Melles made his way up to the foot of the Throne and his own proper place as First in the Court. General Thayer was already in attendance, with a frown on his face that told Melles he had no more idea than anyone else why the Emperor had called this particular Court into session. The General was also in full regalia, ceremonial breastplate gleaming over the somber livery of Imperial Army full-dress uniform, his ceremonial helm with its jaunty crest of purple horsehair tucked under his left arm, from which position he could fling the useless piece of pot-metal at a would-be attacker while he pulled his not-so-ceremonial sword with his right hand. On one occasion, the General had actually stopped his attacker with the helmet before the man ever came within reach of his sword.
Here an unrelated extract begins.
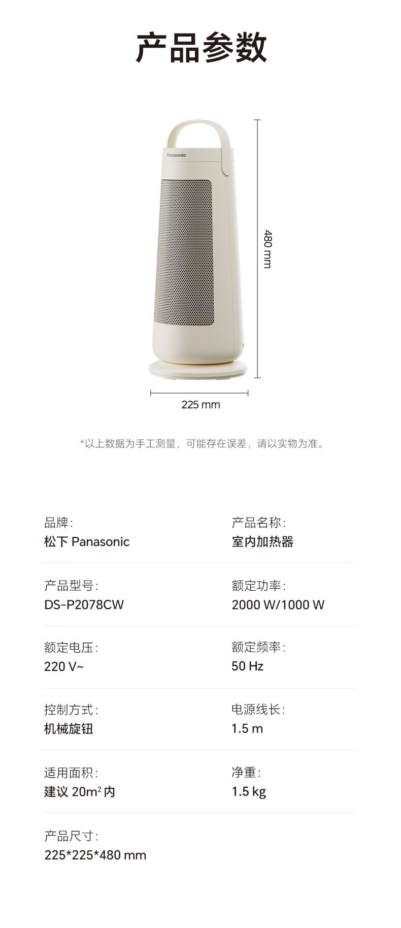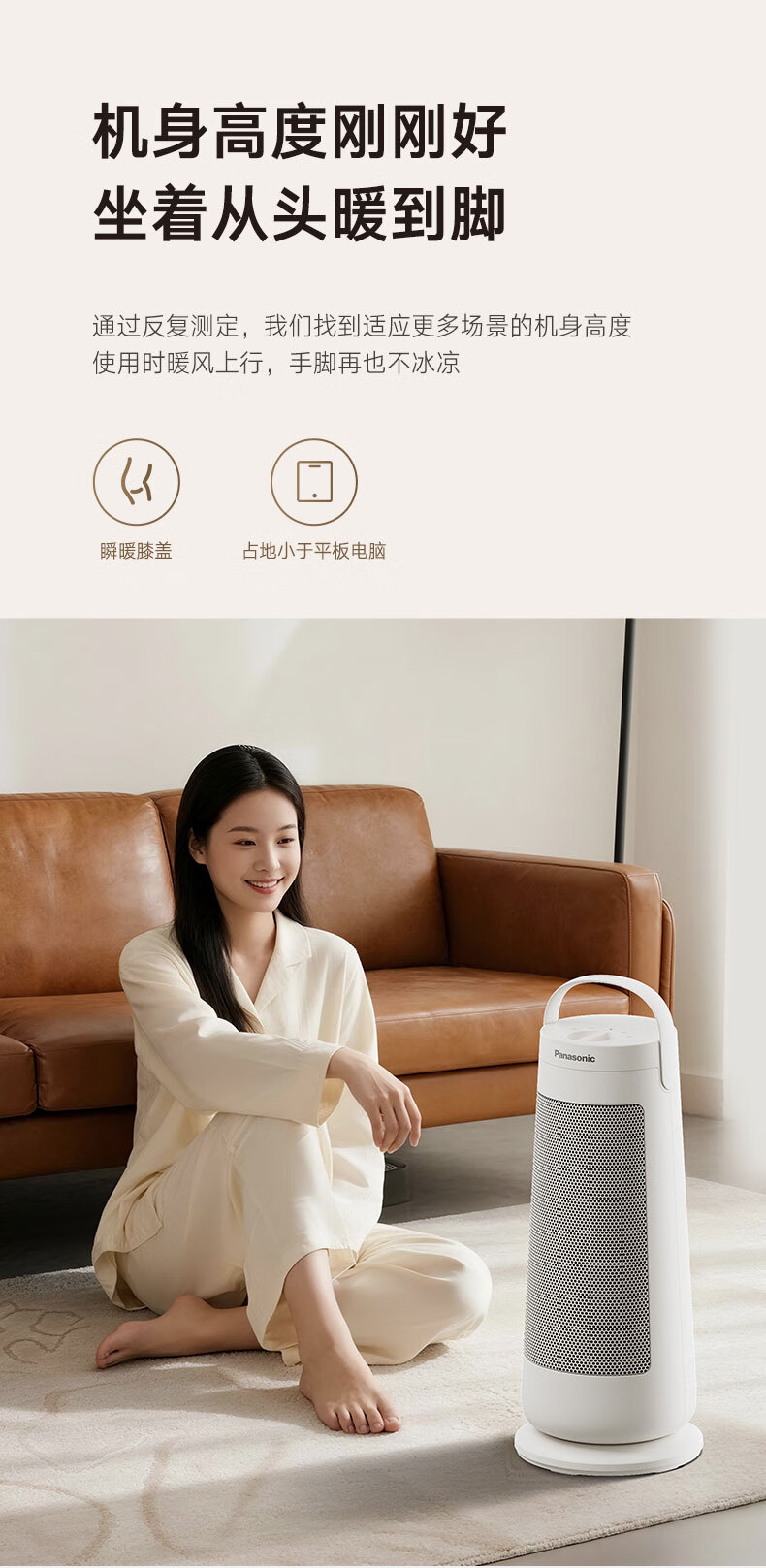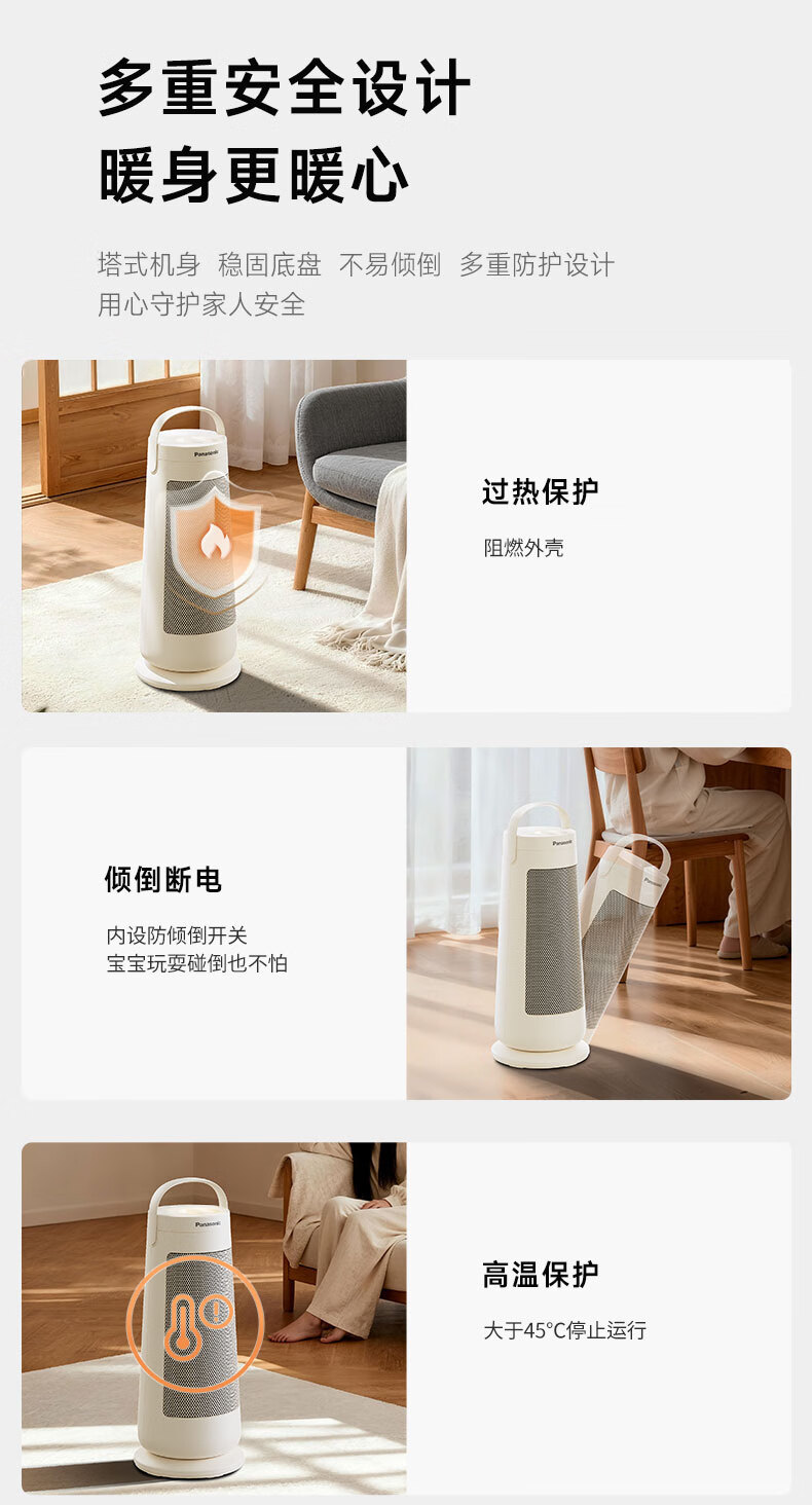 松下(Panasonic)【暖暖塔】暖风机石墨烯取暖器家用电暖器台立式办公室电暖气小型速热摇头电热风小太阳DS-P2078CW

"Have you heard anything?" he asked Melles under his breath. Melles shook his head, and the General swore several pungent oaths, his face darkening. "I don't like this," he said. "Charliss never used to call full Courts without notice. He's been closeted with a messenger or an informant—and now he calls a full Court. He's not acting rationally anymore, and the Hundred Little Gods only know what he can inflate out of tiny rumors. If he's heard something—"
"It won't be about us," Melles said smoothly. "We are proceeding splendidly, and the law-abiding citizens of the Empire are very happy with us, and with the Emperor. Look at the reports—look at the streets! And he signed every law, edict and change to procedure we've instituted with his own hands. Whatever he has heard, it will concern someone else's activities, and not ours."
At just that moment, Emperor Charliss appeared, draped in his own ceremonial robes, moving slowly toward the Iron Throne flanked by two of his guards, with four more following. Melles was shocked at his appearance, although he doubted that anyone other than a highly trained Adept would notice the level of deterioration in Charliss' protections and rejuvenation magics. It only showed in small things—in the careful way that Charliss moved, and in the signs of pain and illness around his mouth and eyes—but it was very clear to him that Charliss was losing his personal battle against age and the mage-storms. And as Thayer had said, only the Hundred Little Gods knew what that deterioration was doing to his mind.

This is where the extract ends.